Youzan’s revenue growth relies on its ability to grow the number of Paying Merchants, and more importantly GMV, which is the total value of goods and services sold on its platforms.
Youzan’s success ultimately relies on the success of merchants using its services.
As of the last half-year report, it achieved an incredible 110% and 47.3% year-on-year growth in GMV and Paying Merchants.
Are there any red flags?
Youzan has only been in the SaaS business for a short time, previously active in third-party payment services and general trading.
It only changed its strategic focus to SaaS merchant services since acquiring 51% of Qima Holdings Limited (Qima) in April 2018. Therefore, it doesn’t have a long track record.
China’s merchant service landscape is filled with competitors including Youshop, Lewaimai, and Weimob. Some investors may prefer Weimob Inc (SEHK: 2013), which is supported by the tech giant Tencent Holdings Ltd (SEHK:700)
One exciting development is that Baidu Inc (NASDAQ: BIDU) has bought a minority stake in Qima, the subsidiary of Youzan. This shows Baidu’s confidence in Youzan and will bring opportunities to cooperate with the tech giant.
Youzan, while growing fast, is still loss-making with a loss of HK$230 million (US$29.6 million) in 1H20 and HK$915 million for full-year 2019.
As a result, it’s had to issue new stock with a 27% increase in issued shares since March 2019, which is not ideal for shareholders who have been diluted.

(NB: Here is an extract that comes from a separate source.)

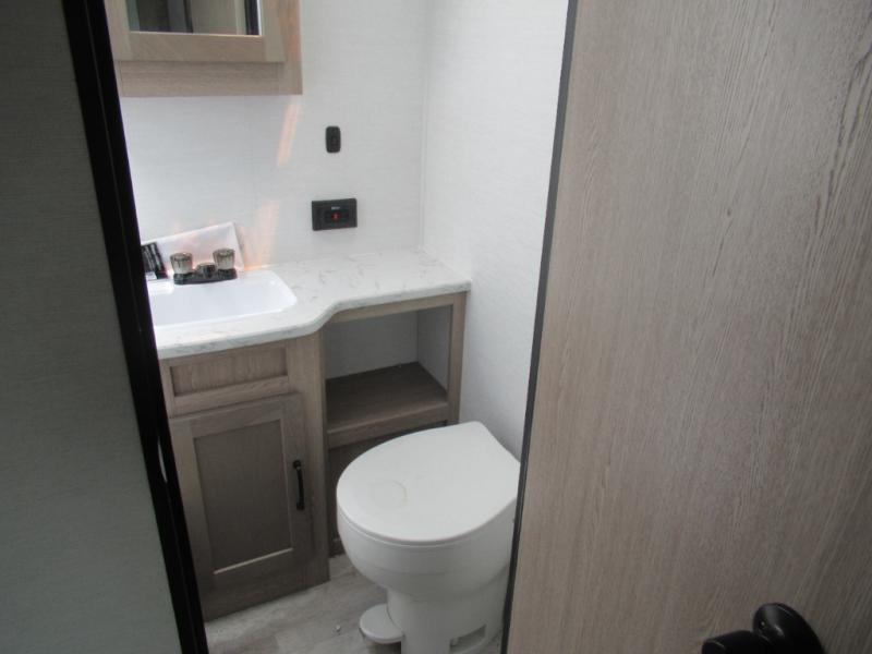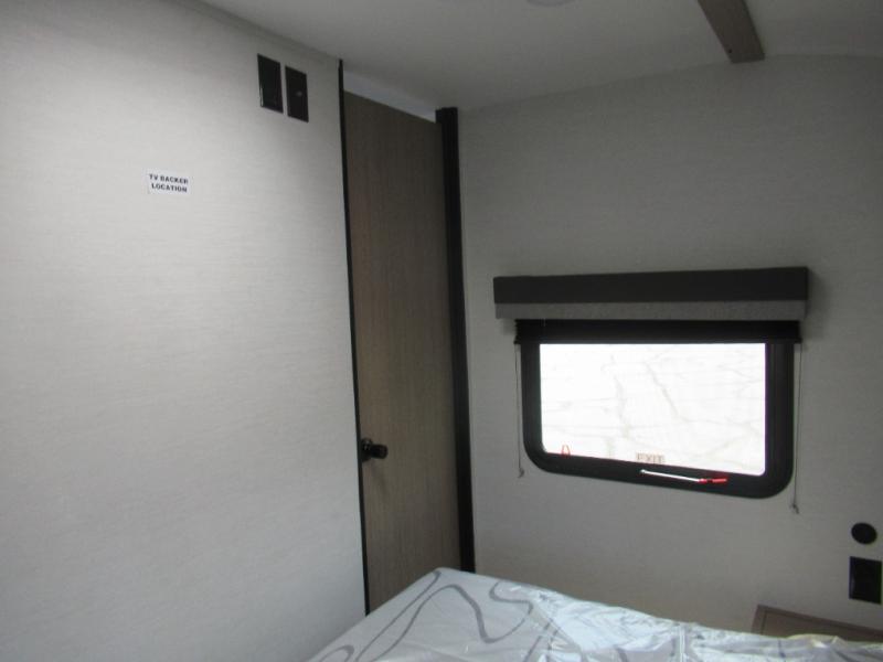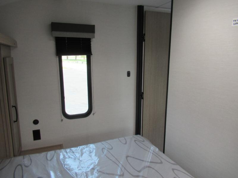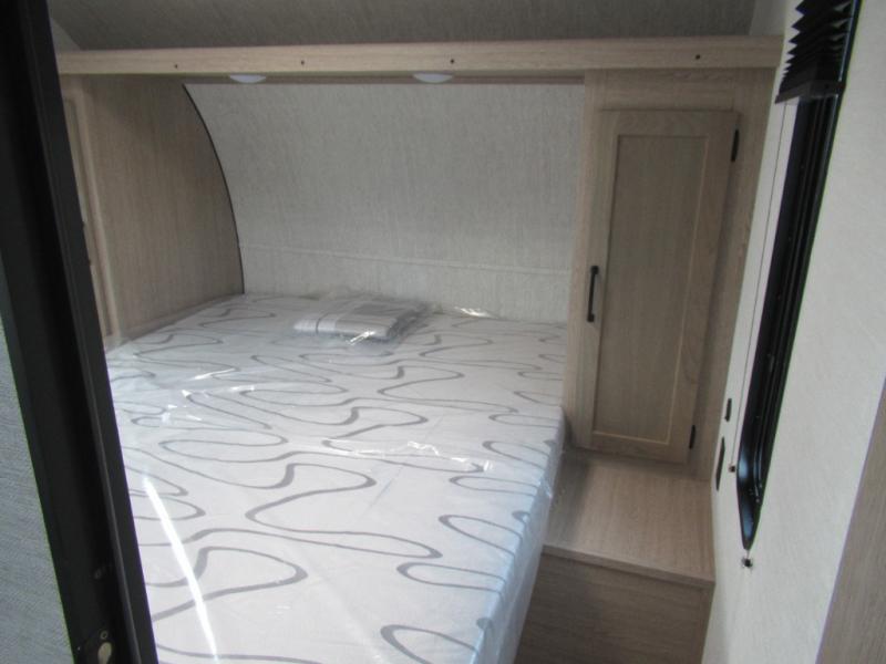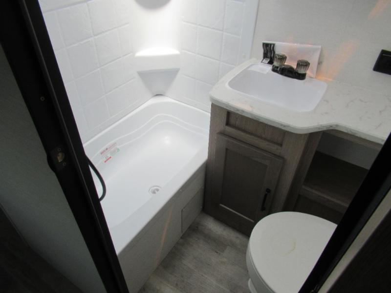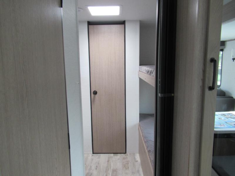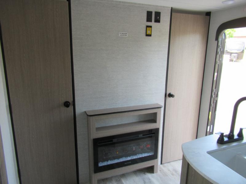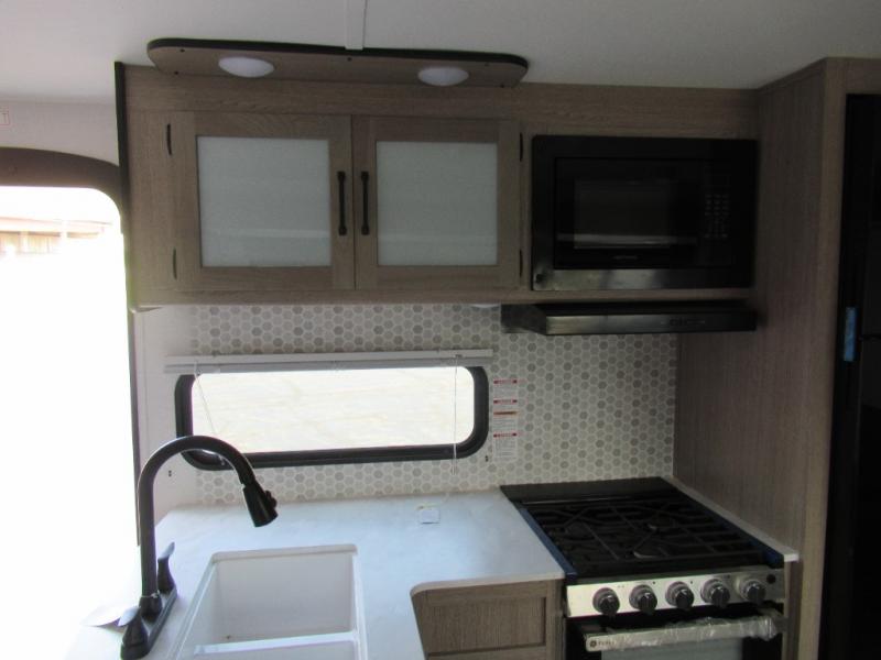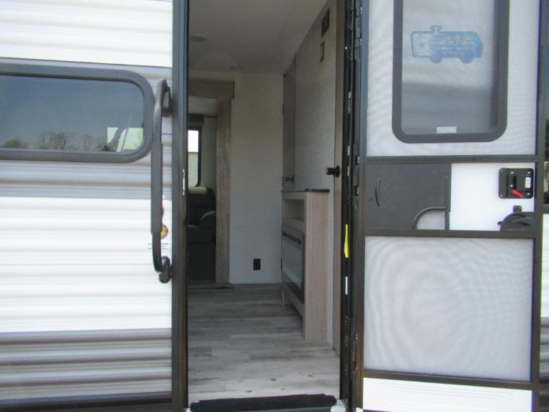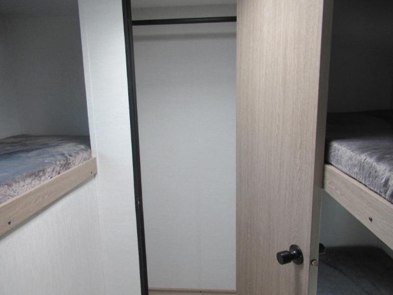 A private bunkhouse for your guests or the kids, and a private bedroom up front make this the perfect travel trailer for camping adventures. The large slide out includes the booth dinette and sofa, which will be great to dine at and relax, and the full bath is easily accessible for everyone. The kitchen includes everything you need to prepare meals each day, including a three burner cooktop and a 10.7 cu. ft. Everchill refrigerator/freezer for perishables. You can also choose to add the optional outside kitchen if you are one that loves to spend a lot of time outdoors!

On the positive side, while still loss-making, the losses are narrowing and surprisingly in H1 2020 showed a positive operating cash flow of HK$83 million.
Furthermore, it’s common for growth companies to issue stock or take on debt to grow while the market opportunity is hot.
Youzan is a hot stock in a hot sector. But competition is fierce and at this stage, it’s difficult to say who will gain a strong foothold.
It is promising to see that Youzan continues to reduce losses and has reported positive operating cash flow.
For me, Youzan remains a high risk, high reward stock. The question for investors is: what is their own risk appetite?